I have never seen them b4 but I'm interested. suxs charging batteries, especially 3 at a time.takes me 48 hrs.. nice to not ever worry about them like ur car battery.thxs for info


----------



## 352cutty86 (May 21, 2008)

Ya they been around for a pretty long time. Havent used it personally but its more for the occasional hitting the switch guy. If ur hardcore switch addict stay with a mulicharger.


----------



## Lyrikalholokost (Jun 22, 2012)

ron1973kim said:


> I have never seen them b4 but I'm interested. suxs charging batteries, especially 3 at a time.takes me 48 hrs.. nice to not ever worry about them like ur car battery.thxs for info


No prob ! Yea it would be nice to not charge them anymore especially since i have to charge mine 1 battery at a time ! Usually takes me bout 3 full days to charge all the batteries n i only have 4 ! I only have a single battery charger cuz i could never find a multi-charger


----------



## Lyrikalholokost (Jun 22, 2012)

352cutty86 said:


> Ya they been around for a pretty long time. Havent used it personally but its more for the occasional hitting the switch guy. If ur hardcore switch addict stay with a mulicharger.

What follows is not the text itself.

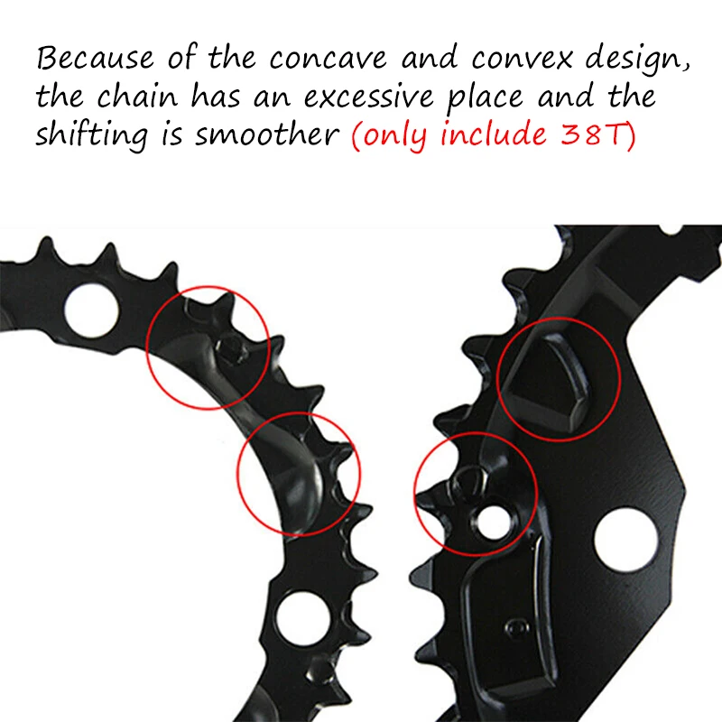 Особенность (только включает 38T): специальный дизайн профилей зубов приводит к цепочке, что делает кольцо более легким, когда происходит переменная скорость. Во-вторых, из-за вогнутой и выпуклой конструкции цепь имеет чрезмерное место, поэтому скорость езды может быть более гладкой.

So it doesnt really charge that fast ? I rarely hit the switches but since im upgrading them this week i prolly will be hitting them alot lol


----------



## 352cutty86 (May 21, 2008)

Ya they been around for a pretty long time. Havent used it personally but its more for the occasional hitting the switch guy. If ur hardcore switch addict stay with a good multi charger. But I'm interested on what people have to say?! Shit they might convince me. Lol


----------



## lakewood213 (May 27, 2003)

i installed one on my first car that i juiced. its up on the streetcharger site (the green and gold buick Lesabre). at the time i thought it was a good move, but after having it for a while, i realized that the trickle charge just wasnt enough, so i took it out and got an associated charger. much better investment in my opinion. that was my daily driver at the time, and even with driving it all the time, the streetcharger wouldnt give the batts the performance i needed.


----------



## INSANE (Feb 28, 2012)

I have 4 batteries in my cutlass with a street charger and it keeps my batteries charged. I only drive it 1or2 times a week and I'm switch happy in town


----------



## 83MCinBmore (Jun 14, 2011)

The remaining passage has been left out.